Adventure 2017: Hugh Newton and Alisha Johansson — Biking Norway
Biking more than 1,000 miles along the coast of Norway is all fine and dandy, save for one thing: all those irksome fiords. “You’re going in and around fiords all the time,” says Hugh Newton, who undertook the trip last July and August with local Alisha Johansson. “And you’re always climbing passes to get to the next one. And this is the flattest route in Norway.”
Climbing an average of 3,300 feet each day, the local riders spent 17 days biking north to south along the coast from Tromsø to Trondheim, mostly above the Arctic Circle. They did the trip entirely self-supported, carrying their camping gear in panniers.
Pedaling knobby-tired cross bikes — Newton’s a custom-made Eriksen and Johansson’s a Specialized — loaded with 50 pounds of gear, the first part of their route took them to the island of Senja, the Vesterålen archipelago and the Lofoten Islands.
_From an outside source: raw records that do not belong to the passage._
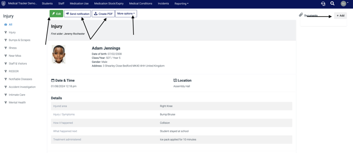 Tip: If the student has a medical condition, it will show the name of the condition on the form, so that you can click through to view any details in case they're relevant to the incident (see image above).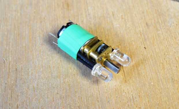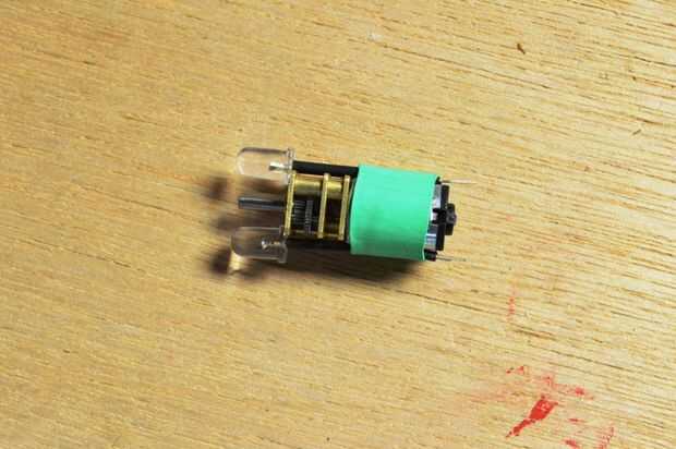 2. orientar el LED para que las patas negativas están cerca de la terminal de motor que el cable negativo es a. Hacer lo mismo con el cable positivo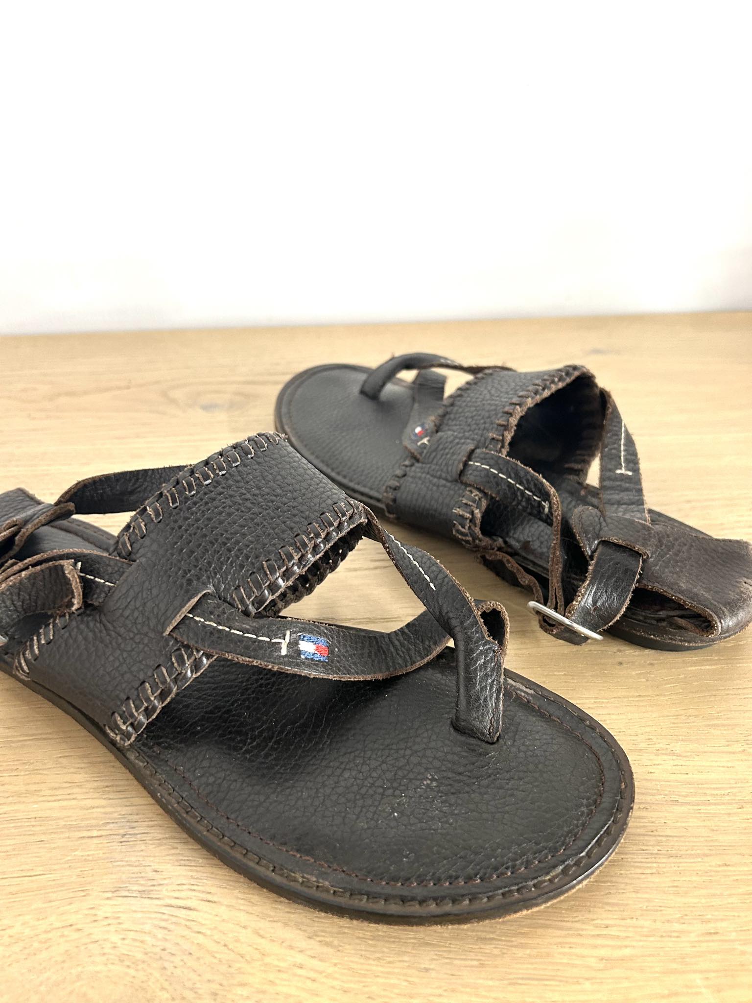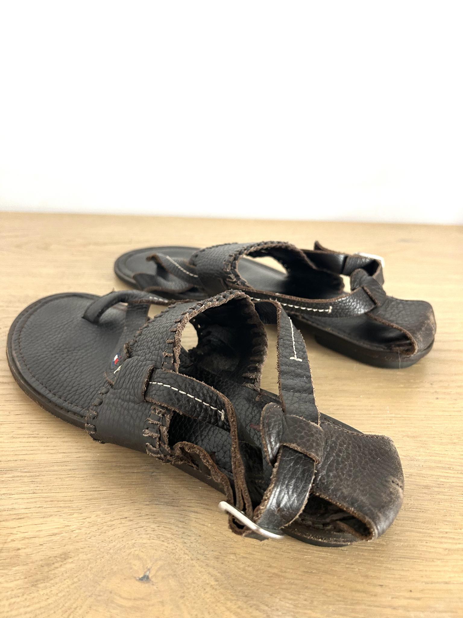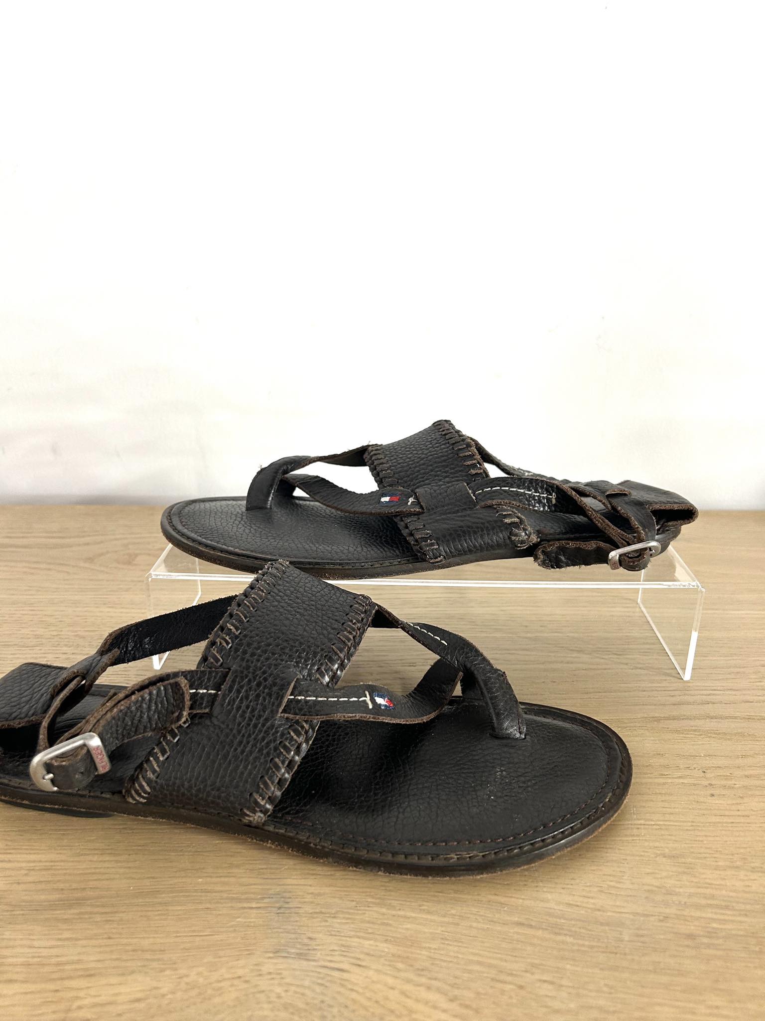 Płaskie sandały Tommy Hilfiger ze skóry naturalnej rozmiar 39. Typ jak japonki na jedne palec. Kolor brązowy. Miękka solidna skóra. Cena producenta 399,00 zł. Długość buta 25,5 cm. Stan bardzo dobry.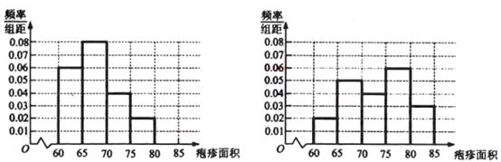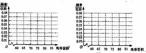 图Ⅰ注射药物A后皮肤疱疹面积的频率分布直方图 图Ⅱ注射药物B后皮肤疱疹面积的频率分布直方图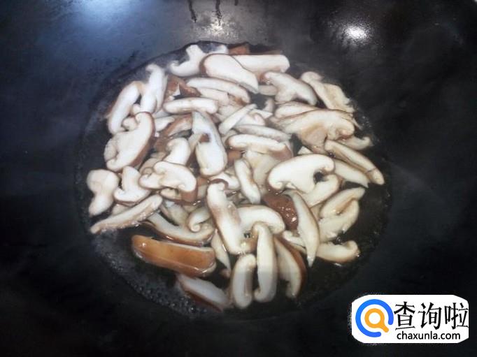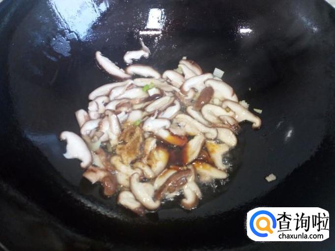 锅里放入油加热,油热后放入葱,姜,蒜,爆锅。放入香菇翻炒,放入五香粉,放入一小匙儿蚝油。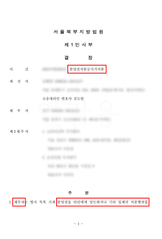 이에 김도헌 변호사는, 빠르게 분양권 상태의 권리를 가처분신청하였고, 법원은 의뢰인의 주장을 인정하여 분양권에 대한 가처분을 인용하는 판결을 하였습니다.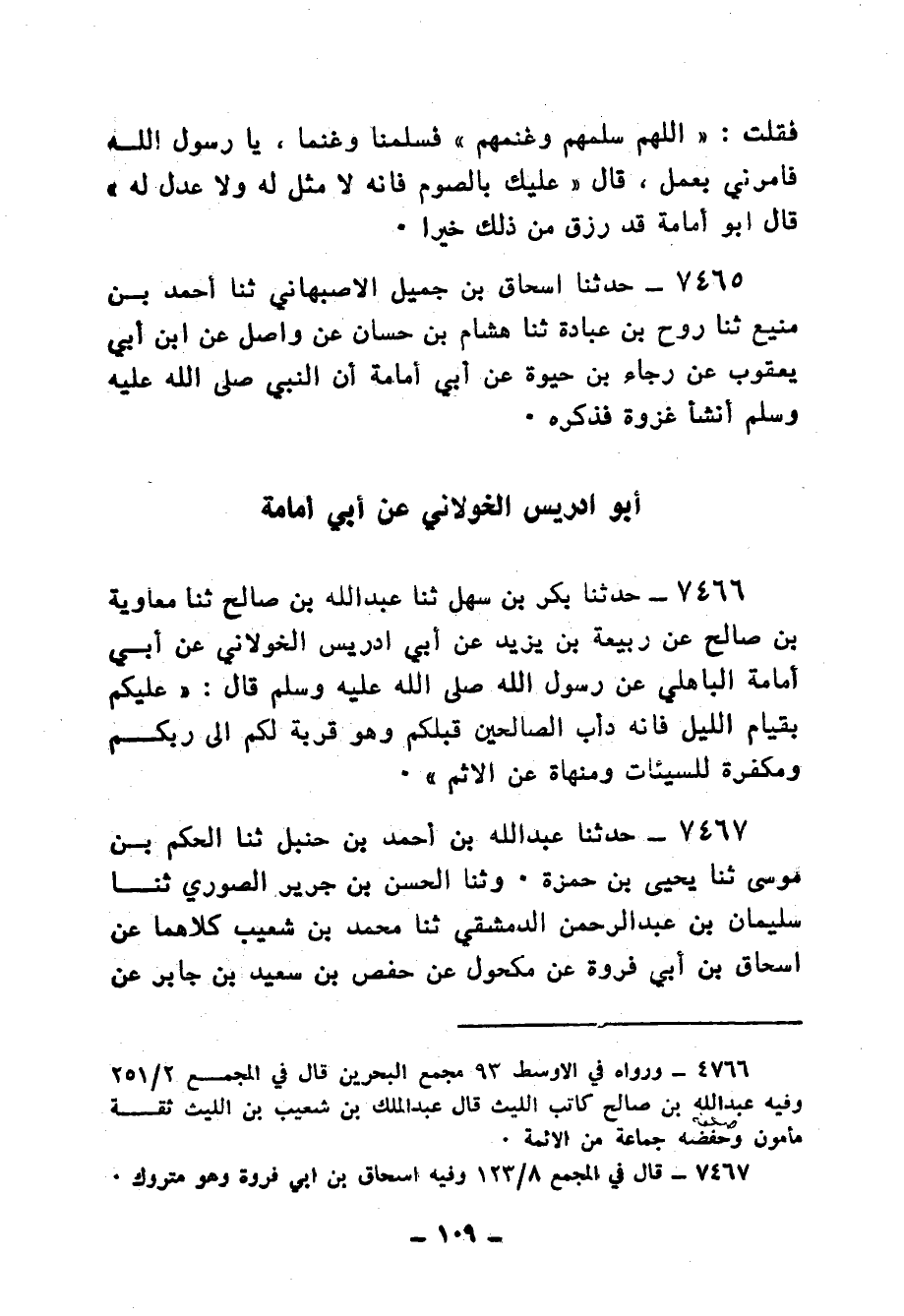 7518 - حَدَّثَنَا بَكْرُ بْنُ سَهْلٍ الدِّمْيَاطِيُّ، ثنا عَمْرُو بْنُ هَاشِمٍ الْبَيْرُوتِيُّ، ثنا إِدْرِيسُ بْنُ زِيَادٍ الْأَلْهَانِيُّ، عَنْ مُحَمَّدِ بْنِ زِيَادٍ الْأَلْهَانِيِّ، عَنْ أَبِي أُمَامَةَ الْبَاهِلِيِّ، أَنَّهُ كَانَ يُسَلِّمُ عَلَى كُلِّ مَنْ لَقِيَهُ. قَالَ: فَمَا عَلِمْتُ أَحَدًا سَبَقَهُ بِالسَّلَامِ إِلَّا يَهُودِيًّا مَرَّةً اخْتَبَأَ لَهُ خَلْفَ أُسْطُوَانَةٍ، فَخَرَجَ فَسَلَّمَ عَلَيْهِ، فَقَالَ لَهُ أَبُو أُمَامَةَ: وَيْحَكَ يَا يَهُودِيُّ، مَا حَمَلَكَ عَلَى مَا صَنَعْتَ؟ قَالَ: رَأَيْتُكَ رَجُلًا تُكْثِرُ السَّلَامَ، فَعَلِمْتُ أَنَّهُ فَضْلٌ، فَأَحْبَبْتُ أَنْ آخُذَ بِهِ، فَقَالَ أَبُو أُمَامَةَ: وَيْحَكَ، إِنِّي سَمِعْتُ رَسُولَ اللهِ صَلَّى الله عَلَيْهِ وَسَلَّمْ، يَقُولُ: «إِنَّ §اللهَ جَعَلَ السَّلَامَ تَحِيَّةً لِأُمَّتِنَا، وَأَمَانًا لِأَهْلِ ذِمَّتِنَا»

From there, it was a three-hour ferry ride, one of 13 in all, to Bodø where the ride south continued.
En route, they passed through old fishing villages and farms, marveled at ice-capped mountains and re-supplied — “we ate a lot of meat and potatoes and beet salad” — for their one-pot meals every day. Without any flats or mechanicals the entire way, the trip was perfect, in fact, save for the rain and headwinds.
“It was unusually wet,” Johansson says, adding at one point they experienced non-stop rain for five straight days, prompting them to rent a cabin. “There was no way to stay dry. We just chalked it up as the ‘humidity’ being up again.”
They became adept at taking ferries, which, with a bike, gets you treated as a walk-on passenger, as well as riding through tunnels, which they relished because it negated another hill. One day, they spent seven kilometers biking underground.
They also learned a few tricks of the trade. In Norway, you can camp within 150 meters of any inhabited structure, making finding tent spots easy; you can pick and choose when you want to ride, with the Arctic summer offering 24 hours of daylight; and the backroads often provide the best ride. “The best advice we got was to stick to roads that don’t have a centerline,” says Newton. “The drivers go slower on them.”
The credit for piecing the route together goes to Johansson, who visited Norway a few times while living in Sweden for five years.
While weight was an issue, that didn’t stop Newton from buying a half-pound bronze sculpture of a king cormorant from a village blacksmith, that he lugged along as a mascot. “Some people might bring along a tiny, and lighter, stuffed animal or something as a talisman,” he says. “It inspired us every day.”
That held especially true on the steeps, with some roads topping 15-percent grades. “We barely had low enough gears to get up them,” Newton says. “Oftentimes, we’d make our own switchbacks on the road.”
As for advice they’d pass along to others repeating the feat? “I’d highly recommend planning a rest day or two,” Johansson says. “On our rest day we still climbed 2,500 vertical.”